Dear Is This Normal,
Hi, I have a one-year-old daughter and I really love her. There is only one thing that I find very difficult being a new parent: the time I can spend with my wife. Sometimes we are so caught up in the daily rat race that we don’t find any time to spend together. Is this normal? Do you have any tips and tricks on how we could improve that?
Out of Time
Dear Out of Time,
There are so many changes and adjustments that happen when you have a baby, and I think you just nailed one of the major ones on the head. A LOT of couples struggle with this, believe me. This is totally normal (and understandable!) and you and your wife are not alone. Kids require SO much time, energy and attention, and all of that has to be pulled from somewhere! Much of the time, couples sacrifice in their relationship in order to keep it pushing as parents. You’re not doing anything wrong, I want to assure you. In fact, you’re doing so much right by recognizing that this is happening and taking steps to improve it—kudos! Making time for your partner is SO important, and it is 100% doable, even with a little one at home.
The most important thing to keep in mind is that finding time when time is in short supply takes a conscious effort. Gone are the days of free time—when you have a kid, all of what used to be ‘free’ time is allocated elsewhere. So you really have to make an effort to carve out little bits of time where you can and then decide, as a couple, that you will make the most of those small pockets of time together.
At the beginning of the week, sit down together and look at the upcoming schedule. Move some stuff around, deprioritize where you can so you can prioritize elsewhere. Get really granular with your schedules so they can align as much as possible, and you don’t spend the week like two ships passing in the night. This takes work, and it takes sacrifice from both of you (maybe you both skip work outings so you can spend that time together, for example). But sacrificing in some areas so you can thrive in others is worth it.
The other thing to keep in mind is that you need to start thinking smaller and more outside the box when it comes to what you consider ‘time spent together’. Are you going to be able to go out on date nights every week, or weekend getaways when the mood strikes? Probably not! But that doesn’t mean that the time you do have with one another can’t be special or impactful. A private dinner together at home after the little one goes to bed, or a spicy movie night with wine and fancy snacks, for example! Breakfast in bed before your daughter wakes up in the morning, or a quiet cuppa and catch-up during nap times on the weekend. It’s less about what you do with the time you have together, and more about using that time to connect one-on-one.
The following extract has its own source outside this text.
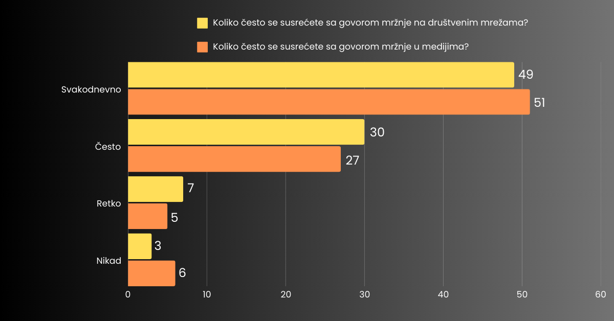 Vrlo mali broj anketiranih se sa govorom mržnje, bilo u medijima, bilo na društvenim mrežama, nije susreo nikada ili se susreće retko.
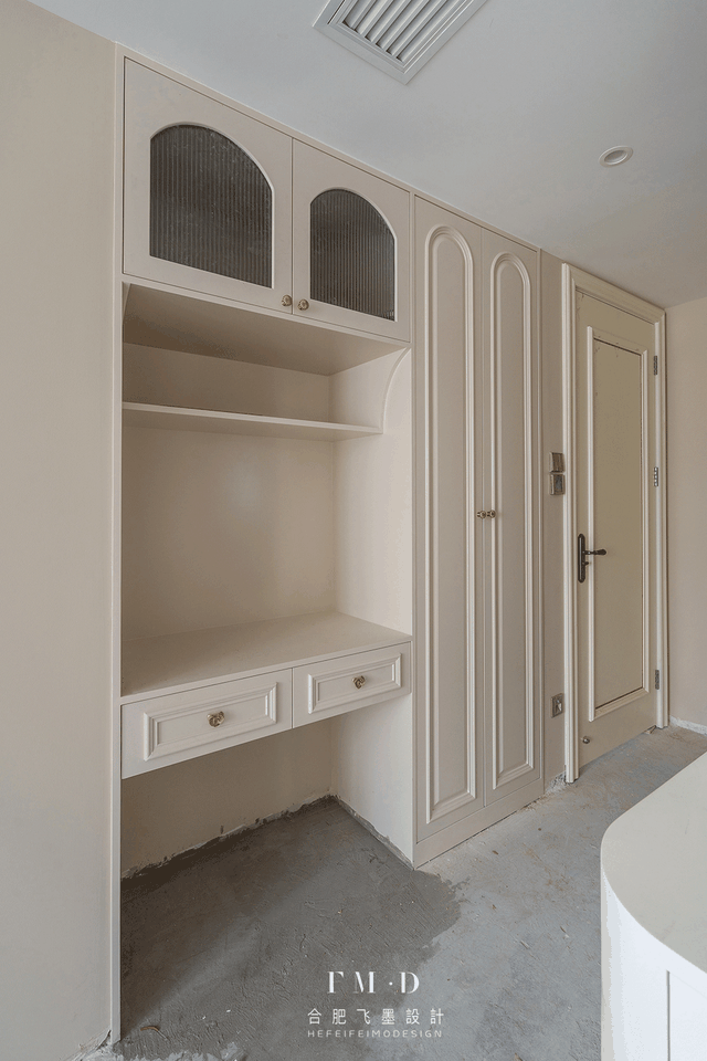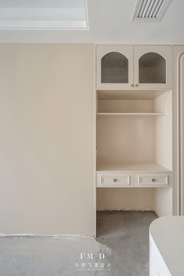 整体长2米2,高2米3,边角处改成开放式储物架,可以放业主夫妻俩的照片或者一些装饰品。不管是隔板还是下面的柜子都设计成弧形,日常不用担心会不小心磕碰到。

I will say, it gets easier in a lot of ways as your kid gets older! As your daughter becomes more independent and requires less of your constant time and attention, things start to ease up. But it also gets harder in other ways, as you start trying to deal with a whole bunch of other time-intensive stuff, like play dates, school and homework, extracurricular activities, and whatnot. It’s a constant balancing act, everyday, until they have flown the coop. And at that point, you’ll look around and wonder WTF you’re supposed to do with all your free time. Keep at it, Time. Find little pockets when you and your wife can connect, and make those pockets count. In my experience, reevaluating how you spend time with your partner and making each moment REALLY count will only improve your relationship overall.